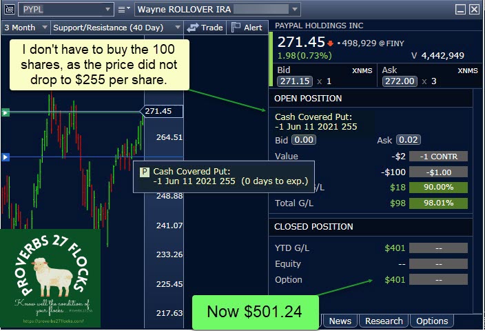 In May I sold two separate Put option contracts for PYPL shares. I repeated this in June two more times. Each time my contract price was greater as the prices increased: $240, $245, $250, and $255. In other words, each week I was willing to pay more for 100 shares if the share price dropped to that price. Because PYPL shares have been rising, I have not had to purchase the shares. However, I need cash (leverage) in my account as long as the option is open. Therefore, on June 11 I needed $25,500 in cash ($255 x 100 shares) to cover the put. Because PYPL closed Friday at $271.45, I did not have to buy the shares and I can repeat the process again if I desire. But don’t be hasty. Perhaps PYPL is ready for a pullback.
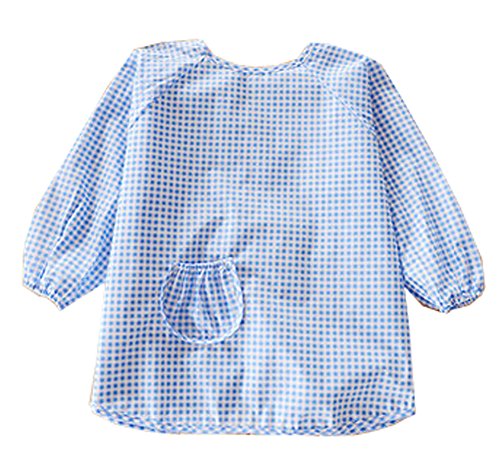 【ブルー】赤ちゃん ベビー 子供服 お食事用スタイ スモック エプロン うわっぱり 防水 防汚 洗いやすい 快適 柔らかい 通気 可愛い 1ー2歳(90)
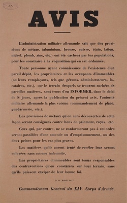 Plakat in Valenciennes, Frankreich, 1915
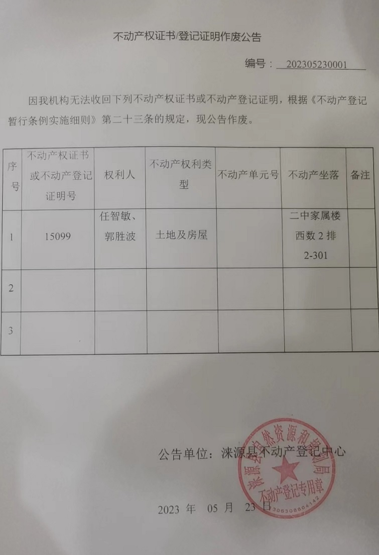 涞源县不动产登记中心不动产权证书作废公告
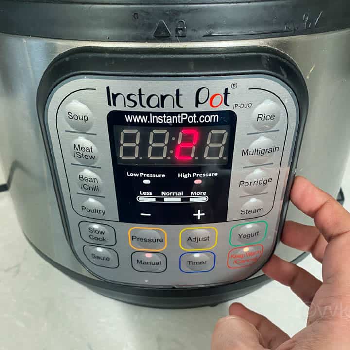 - Place the inner pot inside the Instant Pot. Now close the Instant Pot. Make sure the sealing ring is in place and set the vent to the sealing position. Press the pressure cook / manual button and set the cooking time as 2 minutes at high-pressure.
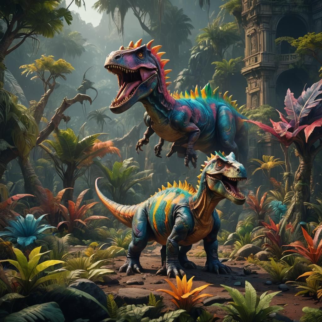 This image shows a vibrant multicolored dinosaur. The digital painting features deep colors and intricate details, creating a fantastical and complementary color scheme in 8k resolution.
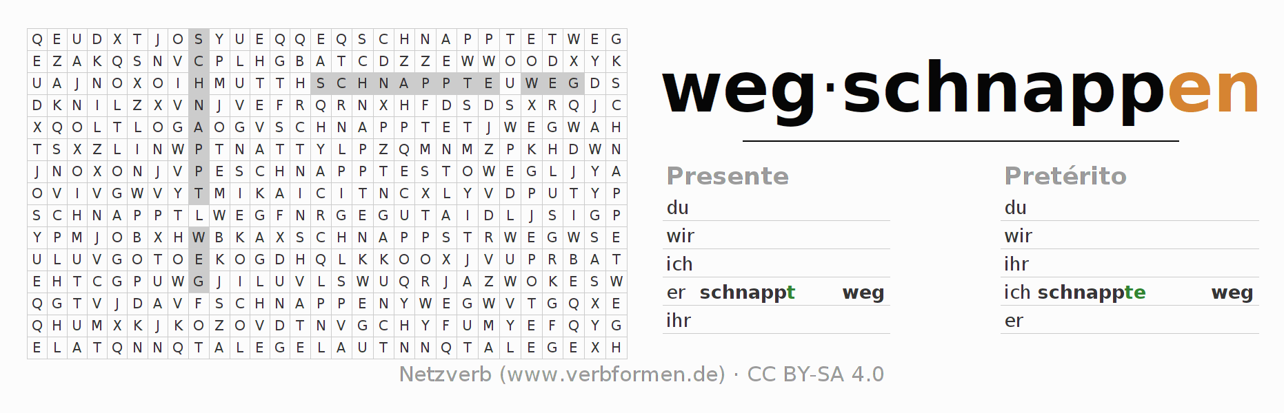 Com o caça-palavras aprende-se de uma forma desafiadora a conjugação do verbo wegschnappen.
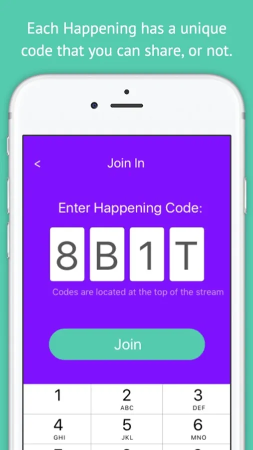 Every happening is given a private join code that allows anyone you invite to contribute their pics. Keep 'em secret, or blast out the code for everyone to see, it's up to you.

________________

Only the line with "涞源县不动产登记中心不动产权证书作废公告" and those preceding it, back to the first line of the entries, should be repeated exactly, without pictures.

▶ **Reply to the task**:
 In May I sold two separate Put option contracts for PYPL shares. I repeated this in June two more times. Each time my contract price was greater as the prices increased: $240, $245, $250, and $255. In other words, each week I was willing to pay more for 100 shares if the share price dropped to that price. Because PYPL shares have been rising, I have not had to purchase the shares. However, I need cash (leverage) in my account as long as the option is open. Therefore, on June 11 I needed $25,500 in cash ($255 x 100 shares) to cover the put. Because PYPL closed Friday at $271.45, I did not have to buy the shares and I can repeat the process again if I desire. But don’t be hasty. Perhaps PYPL is ready for a pullback.
 【ブルー】赤ちゃん ベビー 子供服 お食事用スタイ スモック エプロン うわっぱり 防水 防汚 洗いやすい 快適 柔らかい 通気 可愛い 1ー2歳(90)
 Plakat in Valenciennes, Frankreich, 1915
 涞源县不动产登记中心不动产权证书作废公告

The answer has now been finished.